↓

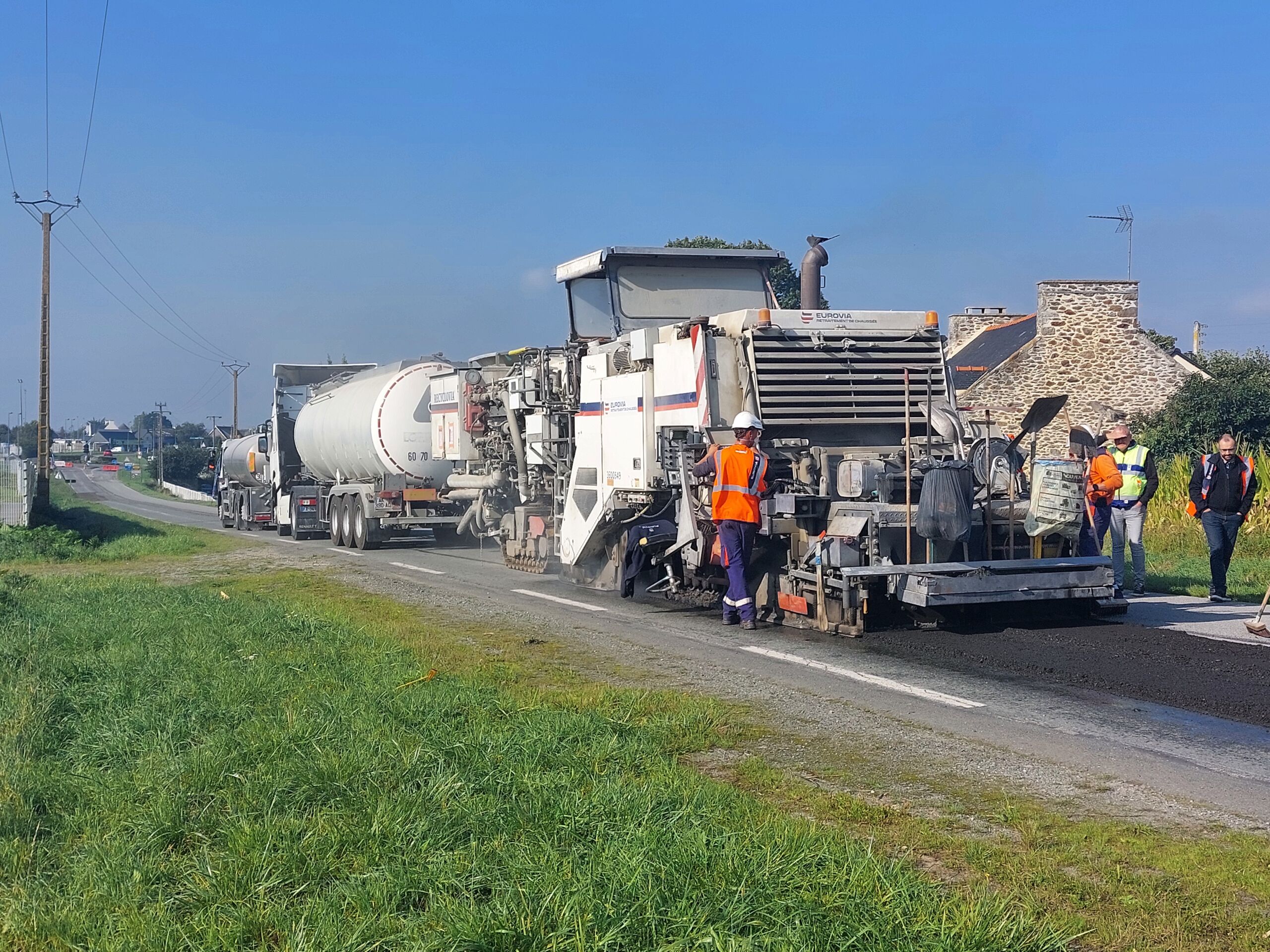 Située dans le département des Côtes d’Armor (22), la route départementale 768 relie Plancoët à Dinard en passant par la commune de Créhen. Plus de 4 500 véhicules, dont 250 poids lourds, empruntent quotidiennement cet axe. Afin d’entretenir le réseau routier, l’agence Eurovia de Saint-Brieuc intervient, de mi-septembre à mi-octobre 2024, pour le compte du Département des Côtes d’Armor, afin de réhabiliter une portion de cette route départementale en sortie de Créhen jusqu’au rond-point de « La Ville-es-Comte », dans le sens Plancoët-Dinard.
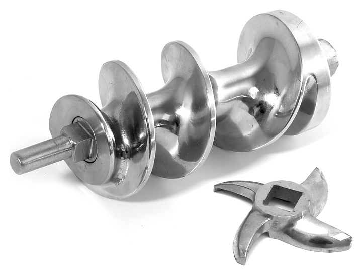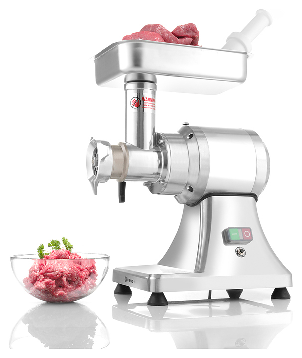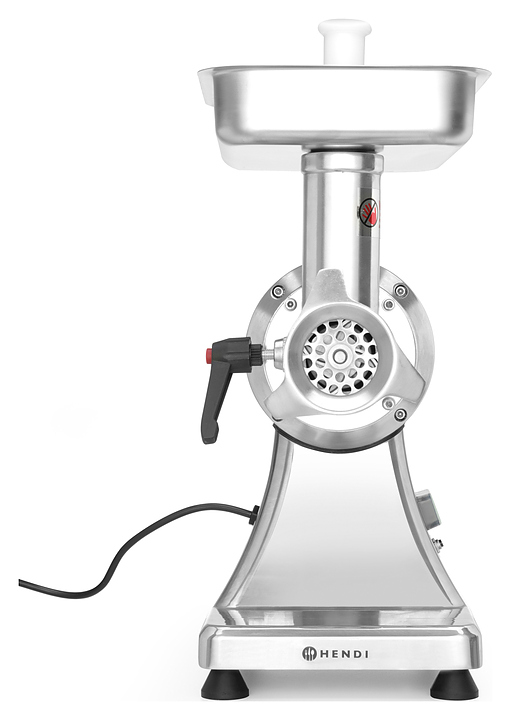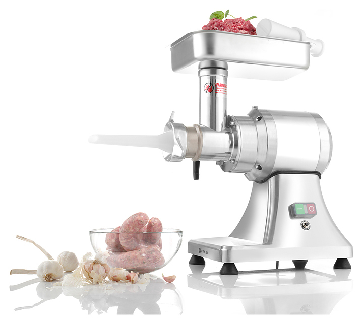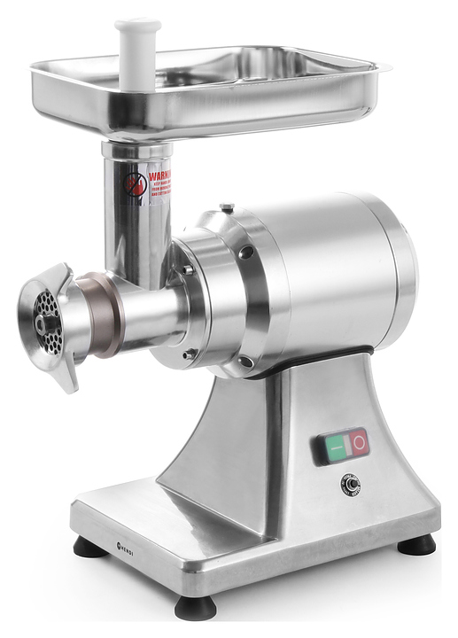 Мясорубка HENDI Kitchen Line 12 210802 используется в частных домах и квартирах для измельчения мяса и рыбы при производстве фарша. Модель оснащена мощным двигателем и нескользящими ножками. Нож, шнек и загрузочный лоток выполнены из нержавеющей стали, бункер - из алюминиевого сплава, толкатель - из полиэтилена, воронка - из полированного алюминиевого сплава, насадка для колбасы - из полипропилена. В комплект поставки входят 2 решетки и насадка. Особенности:
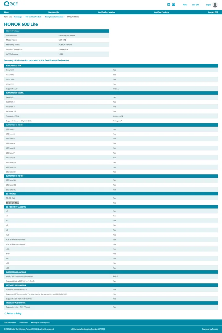 Honor 600 Lite GCF sertifikası aldı
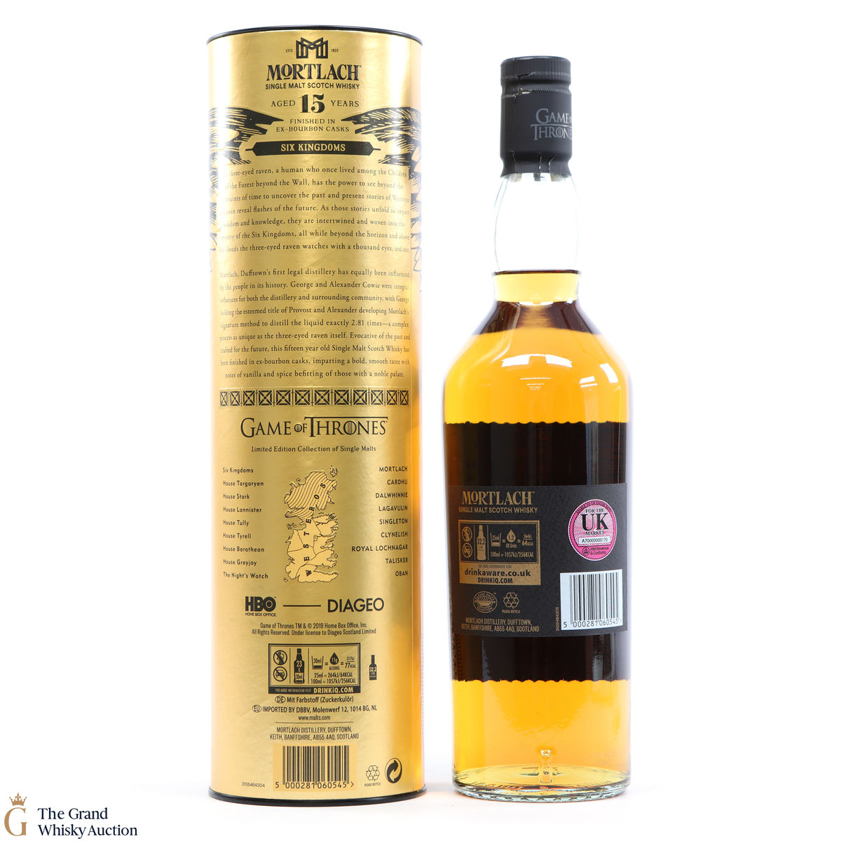 The final bottling in the Game of Thrones Single Malts Collection! The Six Kingdoms - a limited edition, 15-Year-Old Mortlach. Matured in first-fill sherry casks and finished in American oak bourbon casks. It comes in a presented in a metallic gold presentation tube, decorated with a pen and ink drawing of the mysterious three-eyed raven (aka Bran the Broken).
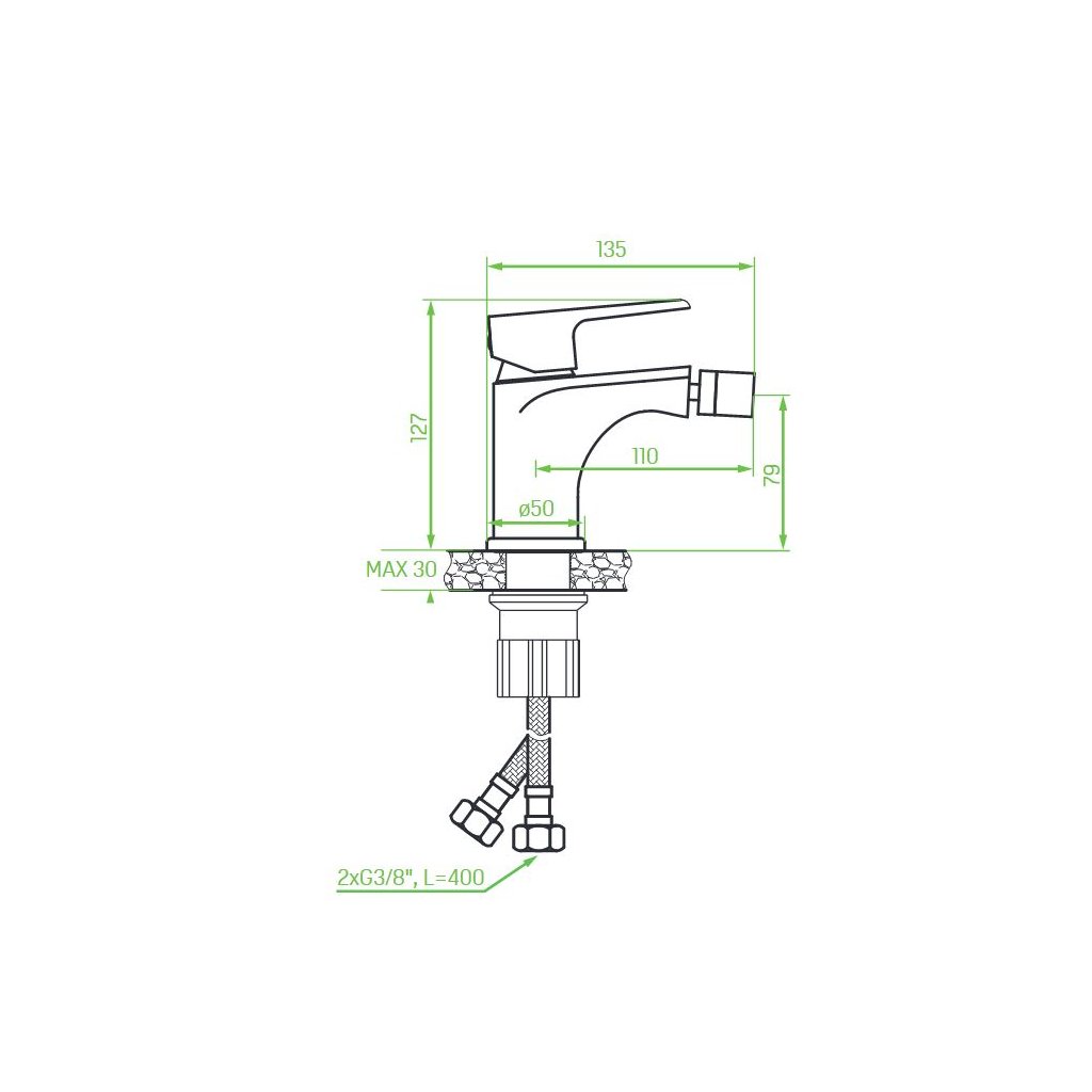 - Délka připojovacích hadiček: 400 mm

↑

▶ _REQUIRED ACTION_: Every word of the data should be reproduced exactly; please omit any pictures.

▶ _YOUR SOLUTION_:
 Située dans le département des Côtes d’Armor (22), la route départementale 768 relie Plancoët à Dinard en passant par la commune de Créhen. Plus de 4 500 véhicules, dont 250 poids lourds, empruntent quotidiennement cet axe. Afin d’entretenir le réseau routier, l’agence Eurovia de Saint-Brieuc intervient, de mi-septembre à mi-octobre 2024, pour le compte du Département des Côtes d’Armor, afin de réhabiliter une portion de cette route départementale en sortie de Créhen jusqu’au rond-point de « La Ville-es-Comte », dans le sens Plancoët-Dinard.
 Мясорубка HENDI Kitchen Line 12 210802 используется в частных домах и квартирах для измельчения мяса и рыбы при производстве фарша. Модель оснащена мощным двигателем и нескользящими ножками. Нож, шнек и загрузочный лоток выполнены из нержавеющей стали, бункер - из алюминиевого сплава, толкатель - из полиэтилена, воронка - из полированного алюминиевого сплава, насадка для колбасы - из полипропилена. В комплект поставки входят 2 решетки и насадка. Особенности:
 Honor 600 Lite GCF sertifikası aldı
 The final bottling in the Game of Thrones Single Malts Collection! The Six Kingdoms - a limited edition, 15-Year-Old Mortlach. Matured in first-fill sherry casks and finished in American oak bourbon casks. It comes in a presented in a metallic gold presentation tube, decorated with a pen and ink drawing of the mysterious three-eyed raven (aka Bran the Broken).
 - Délka připojovacích hadiček: 400 mm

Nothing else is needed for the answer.